In some embodiments, the antibody or antigen-binding antibody fragment binds to Angptl-1, Angptl-2, Angptl-3, Angptl-4, Angptl-5, Angptl-6, Angptl-7, LILRB1, LILRB2, LILRB3, LILRB4, LILRB5, LAIR1, or LAIR2 protein and prevents Angptl-1, Angptl-2, Angptl-3, Angptl-4, Angptl-5, Angptl-6, or Angptl-7 binding to LILRB1, LILRB2, LILRB3, LILRB4, LILRB5, LAIR1, and/or LAIR2 (e.g., LILRB1, LILRB2, LILRB3, LILRB4, and/or LILRB5 on a MDSC).

Aptamers

Additional examples of agents that bind to Angptl-1, Angptl-2, Angptl-3, Angptl-4, Angptl-5, Angptl-6, Angptl-7, LILRB1, LILRB2, LILRB3, LILRB4, LILRB5, LAIR1, or LAIR2 protein are aptamers. An aptamer is an oligonucleotide or peptide that is capable of binding to a specific polypeptide target. Methods of generating and screening oligonucleotide or peptide aptamers are known in the art. Exemplary methods for generating and screening oligonucleotide or peptide aptamers are described in U.S. Patent Application Publication Nos. 2012/0115752, and 2012/0014875; U.S. Pat. No. 7,745,607; and WO09/053691 (each of which is incorporated herein by reference). Additional methods for generating and screening oligonucleotide and peptide aptamers are described in Hoon et al., BioTechniques 51:413-416, 2011; Dausse et al., J. Nanobiotechnology 9:25, 2011; Hasegawa et al., Biotechnol. Lett. 30:829-834, 2008; and Drabovich et al., Analytical Chem. 78:6330-6335, 2006. Additional methods for generating and selecting aptamers that bind to Angptl-1, Angptl-2, Angptl-3, Angptl-4, Angptl-5, Angptl-6, or Angptl-7 protein (e.g., SEQ ID NO: 1, 3, 5, 7, 43, 45, or 47), or LILRB1, LILRB2, LILRB3, LILRB4, LILRB5, LAIR1, or LAIR2 protein are known in the art.

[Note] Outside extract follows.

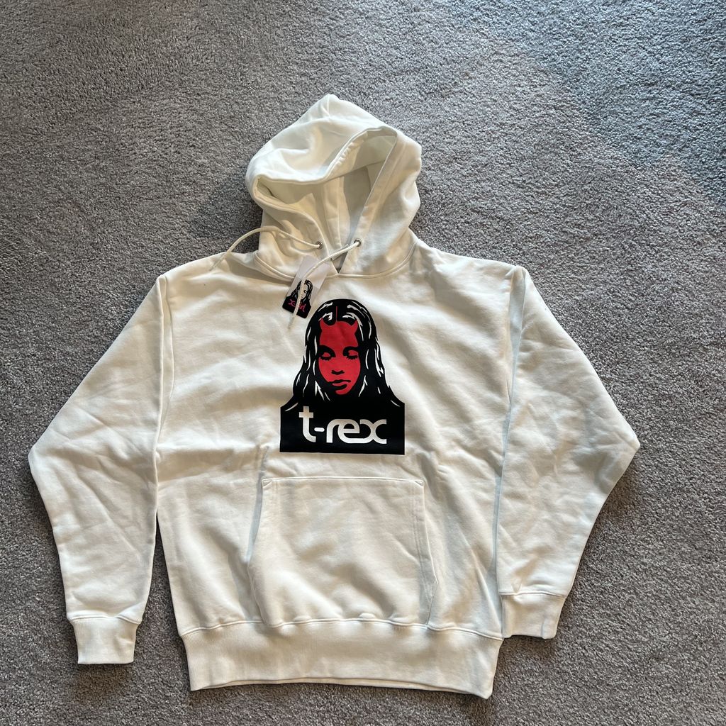 White Hoodie features drawstrings at hood, graphic on front, and kangaroo pocket.

Oligonucleotides that Decrease the Expression of Angptl-1, Angptl-2, Angptl-3, Angptl-4, Angptl-5, Angptl-6, Angptl-7, LILRB1, LILRB2, LILRB3, LILRB4, LILRB5, LAIR1, or LAIR2 mRNA

Non-limiting examples of oligonucleotides that can decrease the expression of Angptl-1, Angptl-2, Angptl-3, Angptl-4, Angptl-5, Angptl-6, Angptl-7, LILRB1, LILRB2, LILRB3, LILRB4, LILRB5, LAIR1, or LAIR2 mRNA in a mammalian cell include inhibitory nucleic acids (e.g., small inhibitory nucleic acids (siRNA)), antisense oligonucleotides, and ribozymes. Exemplary aspects of these different oligonucleotides are described below.

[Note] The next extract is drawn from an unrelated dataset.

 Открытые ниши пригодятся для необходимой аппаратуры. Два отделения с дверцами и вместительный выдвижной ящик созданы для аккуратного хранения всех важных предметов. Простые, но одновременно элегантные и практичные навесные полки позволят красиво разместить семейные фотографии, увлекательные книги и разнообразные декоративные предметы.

Antisense Oligonucleotides

Oligonucleotides that decrease the expression of Angptl-1, Angptl-2, Angptl-3, Angptl-4, Angptl-5, Angptl-6, Angptl-7, LILRB1, LILRB2, LILRB3, LILRB4, LILRB5, LAIR1, or LAIR2 mRNA expression in a mammalian cell include antisense nucleic acid molecules, i.e., nucleic acid molecules whose nucleotide sequence is complementary to all or part of an mRNA based on the sequence of a gene encoding a Angptl-1, Angptl-2, Angptl-3, Angptl-4, Angptl-5, Angptl-6, or Angptl-7 protein (e.g., complementary to all or a part of SEQ ID NO: 2, 4, 6, 8, 44, 46, or 48), or a LILRB1, LILRB2, LILRB3, LILRB4, LILRB5, LAIR1, or LAIR2 protein (e.g., complementary to all or a part of any of the LILRB1, LILRB2, LILRB3, LILRB4, LILRB5, LAIR1, or LAIR2 mRNA sequences described herein). An antisense nucleic acid molecule can be antisense to all or part of a non-coding region of the coding strand of a nucleotide sequence encoding a Angptl-1, Angptl-2, Angptl-3, Angptl-4, Angptl-5, Angptl-6, Angptl-7, LILRB1, LILRB2, LILRB3, LILRB4, LILRB5, LAIR1, or LAIR2 protein. Non-coding regions (5′ and 3′ untranslated regions) are the 5′ and 3′ sequences that flank the coding region in a gene and are not translated into amino acids.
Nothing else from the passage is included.